Con le medie ho iniziato a frequentare un ragazzino, mio compagno di classe, con il quale spesso mi incontravo di pomeriggio per fare i compiti assieme. In realtà, quando mi recavo a casa sua tutto facevamo fuorché studiare. Ricordo in modo particolare di come spesso quel ragazzino si divertiva a chiudermi in stanza e a prendermi in giro, istigandomi con risate e schiamazzi. Io non mi sono mai ribellato a quegli ingiusti comportamenti nei miei confronti, se non attraverso le richieste di aiuto alla madre del ragazzo, che tuttavia non si è mai intromessa in modo da rimproverare il comportamento inadeguato del figlio. La frequentazione di quel compagno mi coinvolse in un’inerzia e svogliatezza rispetto agli impegni scolastici da cui conseguì la discesa del mio rendimento. Ancora oggi mi rimprovero della mia eccessiva bontà e fiducia nei confronti degli altri che da piccolo mi hanno portato ad essere vittima di ingiustizie.

Ricordo invece con piacere di T., una mia compagna di classe che mi piaceva molto. Infatti fu proprio a lei che feci la mia prima innocente dichiarazione di amore. Purtroppo T. l’ultimo anno delle medie si trasferì in un’altra scuola, per cui ci perdemmo di vista.

In riferimento a quegli anni ricordo con piacere anche di una gita a Rimini, con mio padre e mio fratello minore. Avevo dodici anni. Successivamente viaggiai anche all’estero visitando Vienna, la Francia e la Svizzera, sempre assieme al mio grande papà.

Pensando alla fase adolescenziale mi rattristo per ciò che distingue la mia vita da quella di tutte le altre persone. Un giorno iniziai a sentire la voce di un giovane vicino di casa che abitava al piano superiore. Quella voce, che mi insultava definendomi “cane” era sempre più frequente e insistente. L’autore di quelle continue denigrazioni pareva essere un certo M., compagno di giochi di mio fratello maggiore. Spesso essi giocavano insieme a tennis. Ricordo che di tanto in tanto mi divertivo a disturbarli interrompendo le loro partite. Un giorno M., seccato del mio comportamento, se la prese con me e mi picchiò. Io piansi e non seppi come difendermi. M.  era solito trattarmi con indifferenza, e riservarmi sempre gli scarti di ciò che avrebbe dovuto equamente condividere nel gruppo dei ragazzini del quartiere, come ad esempio le caramelle dal gusto peggiore o le gomme da masticare dal sapore scadente. Questo ragazzo, poco più grande di me, provava un vero e proprio odio nei miei riguardi e spesso faceva in modo da mettermi nella condizione di ricevere botte. Numerose erano le angherie che subivo da M. Ammetto di non riuscire a comprendere il motivo dei gesti di M., ma anche di provare profondo rancore nei suoi confronti, chiedendomi perché io fossi l’unico oggetto dei maltrattamenti di questo ragazzo.

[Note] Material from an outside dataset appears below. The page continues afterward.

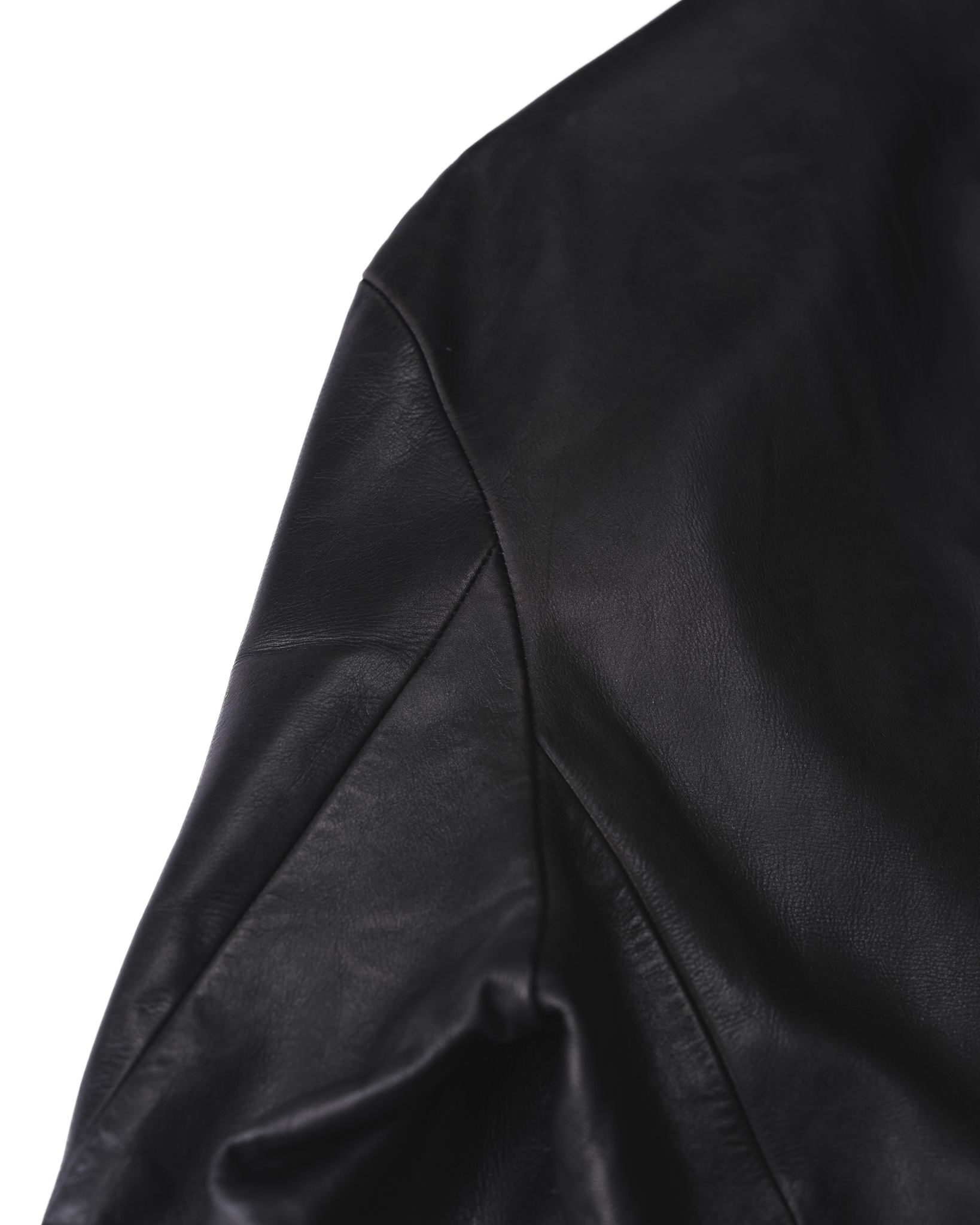 硬いレザーウェアの概念を覆すしなやかさは、着用者の身体の曲線に合わせて素直に落ち、布帛のジャケットに近い自然なドレープを形成。

Fu successivamente a tutti questi eventi negativi che iniziai a sentire le offese di M., provenienti dal piano di sopra e iniziai a pensare che mio fratello minore avesse una parte nella cospirazione contro di me, facendomi sentire denigrato, insultandomi a sua volta e facendo strani versi con la bocca che mi irritavano tutte le volte che io ero a letto la sera e lui in bagno. Quando mio fratello minore ritornava dal bagno di servizio, gli tiravo uno scarpone con tutta la mia forza, per vendicarmi di quello che avevo sentito, poiché quei rumori e quelle voci moleste mi impedivano di dormire.

Una volta mio padre provò a chiarire le vicende degli insulti di M. con i genitori del ragazzo, ma si arrivò a tutt’altro che a chiarimenti. Pareva che M. fosse innocente, e non c’erano prove della sua colpevolezza, anzi tutto lasciava intendere che si trattasse di mie fantasie.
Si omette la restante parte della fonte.